◆ Work item ◆
Beginning with the line that includes "恭喜墨尔本悉尼文波PTE学员" and ending with the last line, print the records exactly, leaving every picture out.

[Records contained in a dataset]
== Segment start ==
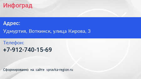 Инфоград по адресу Удмуртия, Воткинск, улица Кирова, 3 в дальнейшем Организация, размещена в следующих категориях:
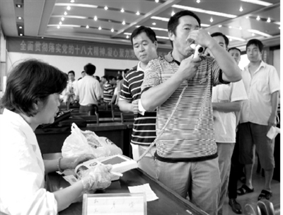 近年来,安徽太子娱乐城 童亭矿高度重视职业病危害防治工作,每年都坚持为2000多名一线职工进行职业健康体检。图为一线职工在进行肺活量检测。王 莉 摄
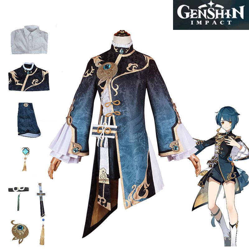 Genshin Impact XingQiu Cosplay Costume Xing Qiu Outfit Shoes Earrings Wig Cosplay Halloween Costume Women
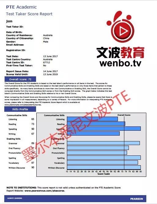 恭喜墨尔本悉尼文波PTE学员Jun获得听力65,阅读73,口语90,写作67,总分72分的好成绩!也是六月文波PTE第37位通过四个七四个八的学员.
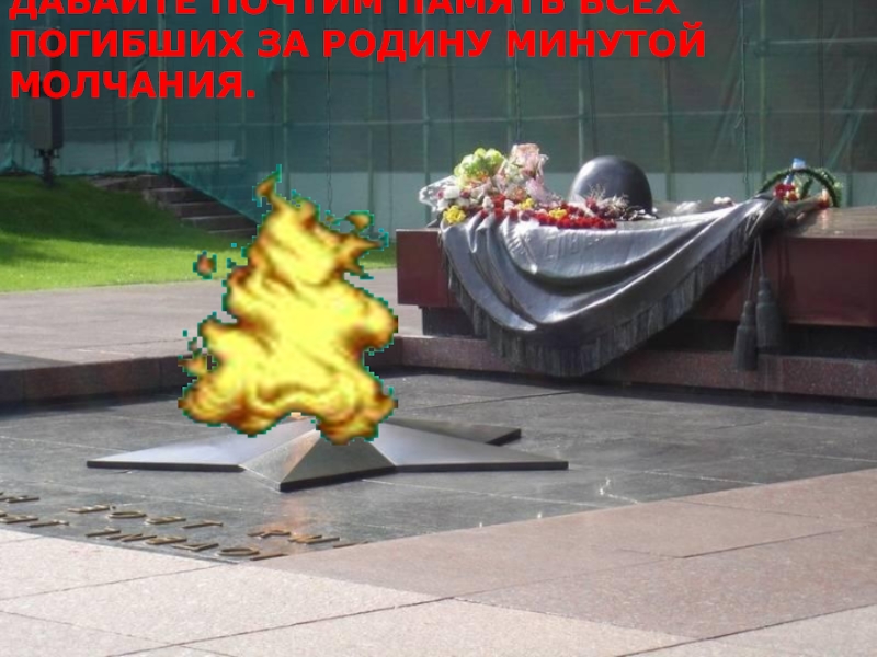 ДАВАЙТЕ ПОЧТИМ ПАМЯТЬ ВСЕХ ПОГИБШИХ ЗА РОДИНУ МИНУТОЙ МОЛЧАНИЯ.
== Segment end ==
◆ Solution for this problem ◆
 恭喜墨尔本悉尼文波PTE学员Jun获得听力65,阅读73,口语90,写作67,总分72分的好成绩!也是六月文波PTE第37位通过四个七四个八的学员.
 ДАВАЙТЕ ПОЧТИМ ПАМЯТЬ ВСЕХ ПОГИБШИХ ЗА РОДИНУ МИНУТОЙ МОЛЧАНИЯ.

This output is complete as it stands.